HB, H. Myklebust

photo of Myklebust in lab

On this day in 1920 Helmer Myklebust was born in Lester (IA, US). Professor Myklebust was among a half-dozen educators and psychologists who provided the critical academic support for the creation of the special education services for students with Learning Disabilities. Although Professor Myklebust’s work influenced Learning Disabilities, he also made substantial contributions to the assessment and treatment of individuals with hearing problems and the deaf.
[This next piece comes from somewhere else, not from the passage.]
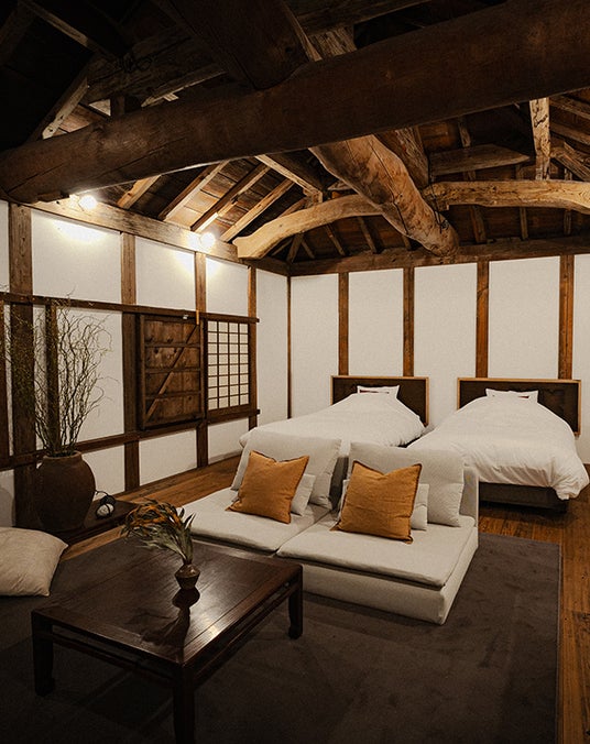 赤城宿の中で最も大きな施設となる「珠蕾山荘」は、307平方メートル の広大な平屋建築。蕾の間(145平方メートル )と華の間(162平方メートル )2つの間を有し、1日2組限定で贅沢な滞在を提供します。通常は2つの玄関に分かれますが、2つの間を繋げた最大収容人員は12名。お友達グループや企業の研修など、プライベートを確保しつつ共有スペースに集まって楽しむことも可能です。サウナやホームシアターを備え、美しく静かな環境で特別なひとときをお過ごし頂けます。

Professor Myklebust taught at Northwestern University (Chicago, IL, US), Northern Illinois University (DeKalb, IL, US), and the University of Illinois Chicago (Chicago, IL, US; it was called “University of Illinois Chicago Circle” at that time). He published scores of articles and books, including the five-volume Progress in Learning Disabilities which collected papers by experts during the early days of LD.

In 2000 Naomi Zigmond, one of the people who was fortunate enough to study with Professory Myklebust, commented on his influence on her research career.

It was easy to be passionate about children with learning disabilities in those early days. We knew so little. We had so much to find out. Under Myklebust’s tutelage, we approached each child as a detective approaches a new case. We looked for clues in what the child could and could not do, how he or she learned, how to get through to that brain where others had failed. He had us search relentlessly “for the right way in” so that a child could be helped to learn how to understand, or communicate, or read, or write, or calculate, or behave in a socially appropriate manner. If a child didn’t learn, we were responsible. We hadn’t figured her out well enough yet. We hadn’t found the right way to teach her. We hadn’t been good enough detectives.

Professor Myklebust died 26 February 2008. Link to the LD Blog post announcing Professor Myklebust’s death.


Reference

Zigmond, N. (2000). Reflections on a research career: Research as detective work. Exceptional Children, 66, 295-304.